Asil bir doğaya sahip gençlere cesaret verecek bir şey var.
Çalışmak bizi yalnızca dış baskıdan değil bedenin baskısından da kurtarır. Yazı yazmayı nasıl öğrendiğinizi bir hatırlayın. Çizgi çekmeyi zar zor öğrenmiş olmalısınız. Tecrübesiz elleriniz iyi kötü çizmeyi öğrendiğinde ise onlara eğriler eklemeyi denediniz. Bir sürü ağlama krizinden sonra yavaş yavaş harfleri yazmayı öğrendiniz. Sonunda yardımsever alışkanlık, yorucu olanı kolay kıldı ve bugün kaleminiz sizi zahmete sokmadan kâğıdın üzerinde yol almakta: Zihniniz kaygıdan azade, elleriniz ise kaleme kendiliğinden boyun eğiyor.
Bu durum, iradenizin hayranlık verici bir uzantısı değil midir? Şu anda ayaklarınızın engellerden kaçınarak yürümesi de bu şekildedir. Örneğin bir kemancı, yayın ve parmaklarının teller, gözlerininse notalar üzerinde gidip gelmesine izin verir. Tamamen çaldığı eseri anlamlandırmakla meşguldür. Aynı şekilde özgürleştirici çalışma sayesinde benim zihnim de bu bölümü yazarken açıklayacağım düşüncelere yoğunlaşmış vaziyettedir. Ne kâğıdın üzerinde gezinen kalem, ne hafızanın derinliklerinde koşan kelimeler ne de zihne doğal birer kalıp gibi sunulan cümleler bana rahatsızlık verir.
Vaktinde zahmetle edinilmiş tüm bu eylem kalabalığının şimdi bana tam bir zihin özgürlüğü sağlaması inanılmaz değil mi? İyi alışkanlıklar zihnin sahip olduğu üstün enerjileri bağımsızlaştırmak amacıyla bedenin fiziksel güçlerini ve zekânın ikincil güçlerini, itaatkâr köleler durumuna indirgediği için özgürleştiricidir.

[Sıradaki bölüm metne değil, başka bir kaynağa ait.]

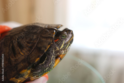 © Vasyl, Obraz premium People care for and play with a pet red-eared turtle.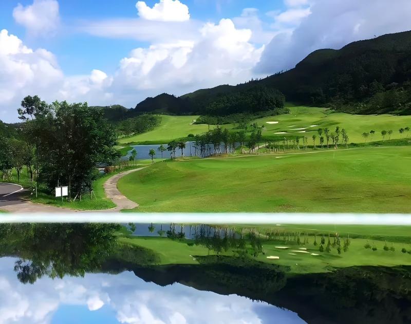 Surrounded by mountains on three sides, the course is nestled among peaks, lush trees, intersecting streams, connected reservoirs, and an expansive basin. The environment is exceptionally beautiful, offering wide-open vistas. Stretching before visitors is a unique rolling terrain course, both challenging and entertaining. Standing here, one naturally feels a sense of tranquility and serenity, with the nearby layers of forests, wildflowers, orchards, and vegetable fields at the foot of the mountains adding to the picturesque charm.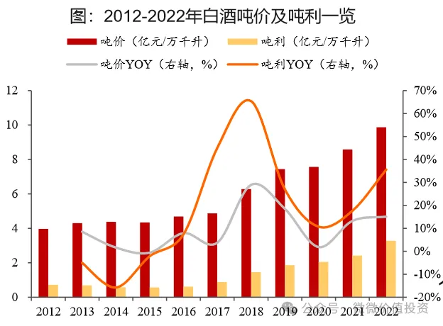 但是我们可以看到,白酒的营收和利润规模在白酒产量减少2/3的前提下却没有减少,反而逐年增加,利润增加更加迅速。白酒公司通过提价策略,提高中高端白酒量的占比,提高公司的营收和利润。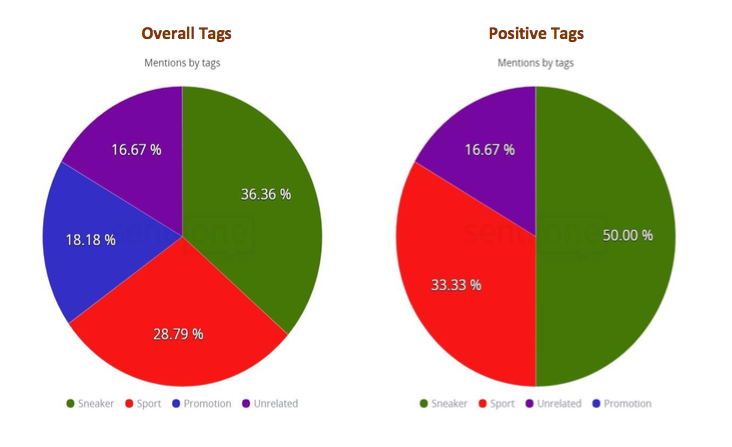 After finishing the tagging it became clear, that for Myadidas the categories Sneaker, Sport and Promotional together with Unrelated had a nearly equal share in all mentions. However, after setting the filter to positive, a different picture emerged… The tags Sneaker and Sport were able to increase their share, while no post classified as Promotion was perceived as positive. Accordingly, posts that have a closer fit with the brand are perceived as more positive by customers. The higher relevance of these posts to the customers may be one underlying reason for this phenomenon.

Öte yandan yalnızca çalışarak temel bir özgürlüğe sahip oluruz; içsel özgürlüğe. Çocuklarda -ve çocuk kalan yetişkinlerde!– tutkuların, duyguların, eğilimlerin anarşisi doğal bir durumdur. Bu düzensizlik sadece çalışmanın içinde ve çalışma aracılığıyla düzelir. İçsel özgürlük asla içimizde hareket eden sayısız güce emir veren bir karar eylemi değildir. Böylesi çok güzel ve çok kolay olurdu. Oysa özgürlük; eğilimlerimizin, duygularımızın ve tutkularımızın uyumlu iş birliğine dayanır. Uyumlu ve düzenli eylem ise en derindeki eğilimlerimize uygun bir çalışmayla gerçekleştirilebilir. Öyleyse ruh, yelkenlerini rüzgâra açarak ilerleyen ve her birinin onu harekete geçirmesine izin veren bir gemi gibidir.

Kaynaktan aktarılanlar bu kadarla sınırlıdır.